With this I would like to now open the floor for questions and suggestions that you may have. Thank you.
Questions and Answers:
Operator
Thank you very much. We will now begin the question-and-answer session. [Operator Instructions] The first question is from the line of Raghunandan N. from Nuvama Research. Please go ahead.
Raghunandan N.
Congratulations sir on continuing stellar performance. Thank you for the comprehensive opening remarks. The first question is long term outlook is positive. In the near term how do you see the growth outlook for FY26 for mechanized concreting equipment industry and AJAX?
Shubhabrata Saha
So Raghu, I think two three things. First, thank you for your confidence in what we have delivered so far. We believe that the long term structural story of course remains intact. You would want to believe that the whole theory centered around the context of relative underpenetration of cement, relative underpenetration of concrete and particularly artificial and the overriding factor of increasing mechanization trends will continue. I think the first half of the year did see a slowdown in capex. We have seen some uptick in capex as we moved into the quarter three and there is going to be some amount of pressure. Pressure to be able to meet up to the expectations that the government had set in terms of the budget outlays for the full fiscal. I think there is a transition that is also happening in CV4 to 5 that will have a little bit of bearing on how the industry fares. So I would want to believe that the second half of FY26 is likely to be a good strong base on which I think the industry should be able to operate. I think we have given a broad outlook when we discussed earlier and I think that broad outlook states.
Raghunandan N.
Thank you sir. And can you give some colors on new products that can be expected in SLCM and non SLCM over the next two years?
Shubhabrata Saha
I think the first piece is around slcm. I think we are currently undergoing a transition from four to five and I think that itself is a new product to look at. The entire series therefore becomes new. I think that itself will open up an opportunity for us completely new in the category of CV5 machines because you will see some amount. For example we had the 4300. We’ve just about started selling the 4500. Only one variant has been sold. So I think these are early and this is an early start as far as the entire range is concerned.

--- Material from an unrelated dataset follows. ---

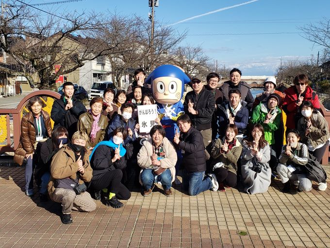 午後は氷見市の久目地区交流館へ。バスの中ではしまさんが氷見の魅力や見どころを紹介しました。交流館ではゆるスポーツ「ハンぎょボール(※2)」の体験をしました。氷見で盛んなハンドボールが土台で、出世魚として知られるブリの縫いぐるみを脇に挟んでプレーするユニークなスポーツです。参加者からは「想像以上にハードだったけど体を動かすことができて楽しい」「ブリの縫いぐるみを脇に挟んだだけで、急に難しくなる」などと感想を寄せられました。参加者はほとんどが初対面で年齢もばらばら。それでも、ゴールが決まると、「出世~!」の掛け声を合い言葉にあっという間に打ち解けました。
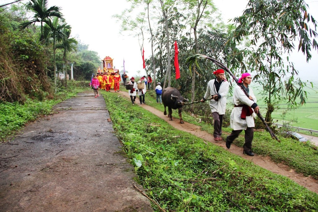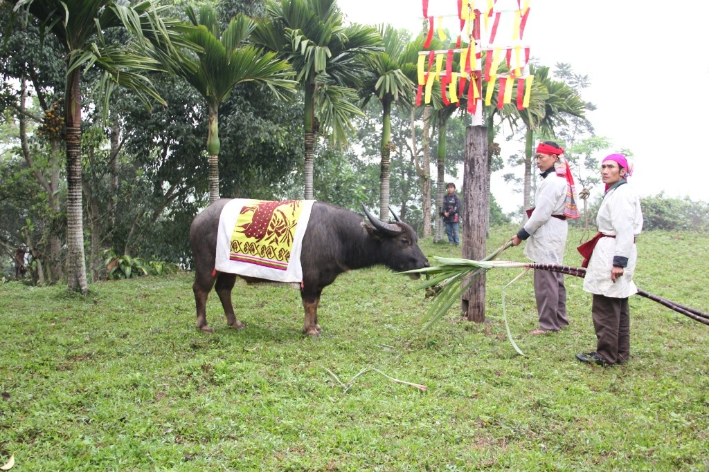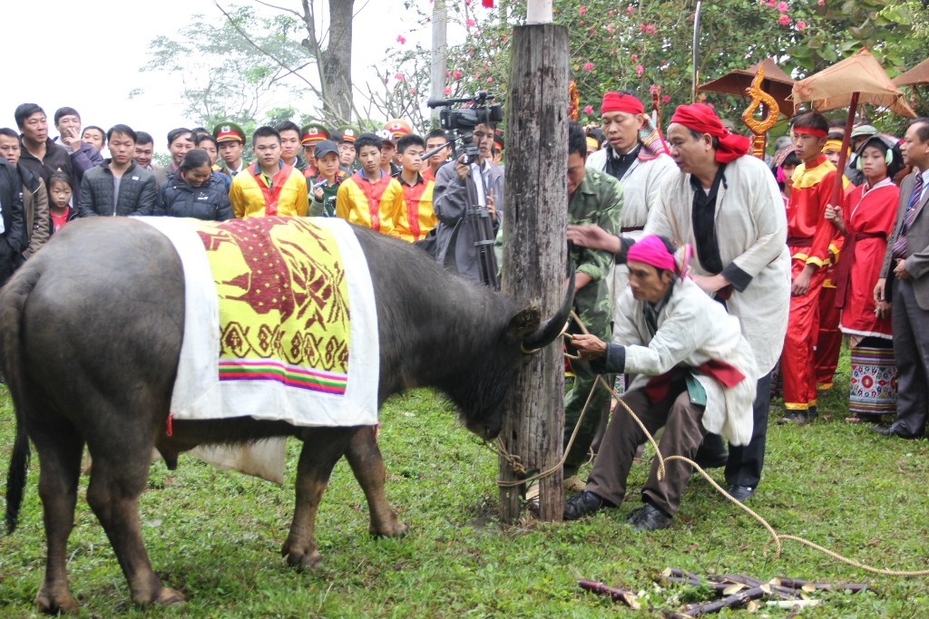 Trâu được đưa xuống tắm ở bến sông Tà Tạo (bến Quan) rồi đem lên làm lễ chém trong tiếng reo hò của bà con trong lễ hội đền Chín Gian, diễn ra hàng năm vào ngày 14-16/3.

As far as the non SLCM portfolio is concerned, I think we are a small player 7 to 8% of our revenue there. I would want to believe that there will be greater focus as we strengthen our B2B as our channel also starts perking up on the potential demand in this area. As you know that there is a relative under penetration of RMC so we would love to contribute in that segment too. As far as opportunities in the democratization of mechanization is concerned, there is an interesting opportunity. We are testing a product in that category at the lower end particularly on the anvil of concreting equipment in production of concreting. So I think that is an area of interest for us. As we move forward we would be able to provide you more news centered around those.
Raghunandan N.
Thank you. Looking forward to that. Just a last question before I fall back to the queue. Exports have done really well. The share of Exports have increased to 6% of revenue versus 4% last year. Can you talk about the growth drivers in terms of regions, products and the triggers ahead?
Shubhabrata Saha
So I think we have 25 international dealers and over 45 countries where our products have been exported over time. But I think the core geographies of South Asia, Southeast Asia, Africa continue to be strong. Pavers have been sold to Africa, sorry, in Gabon and also in Russia. So I think a fair bit of contribution in terms of value terms, obviously because each paver costs a lot of money. It’s anywhere in the range of 8 to 12 crores. So I think those have contributed towards it. We’ll continue to drive wherever the opportunities in these markets that come up.
Raghunandan N.
Thank you, sir. I’ll come back again. For now, I’ll fall back to the queue.
Operator
Thank you. The next question is from the line of Nidhi Shah from ICICI Securities. Please go ahead.
Nidhi Shah
Yes, thank you so much for giving me the opportunity and let’s congratulate you on the great set of results. My first question would be, am I audible?
Shubhabrata Saha
Yes, you’re audible.
Nidhi Shah
Yes. So my first question would be is that in products like, other than the SSCM category, where we are not currently the market leaders, like the transfers and the batching plan, what is your overall strategy in gaining market share in both areas?
Shubhabrata Saha
I think it’s very important for the product to do the talking. Our strategy very clearly is not to use pricing as a tool to win market share because we’ve seen for a lot of companies it becomes a slippery slope. It is the quality of our products, the reliability of the performance of our products, the service uptime availability and the availability of spare parts wherever and whenever it is required will be the driver of our success.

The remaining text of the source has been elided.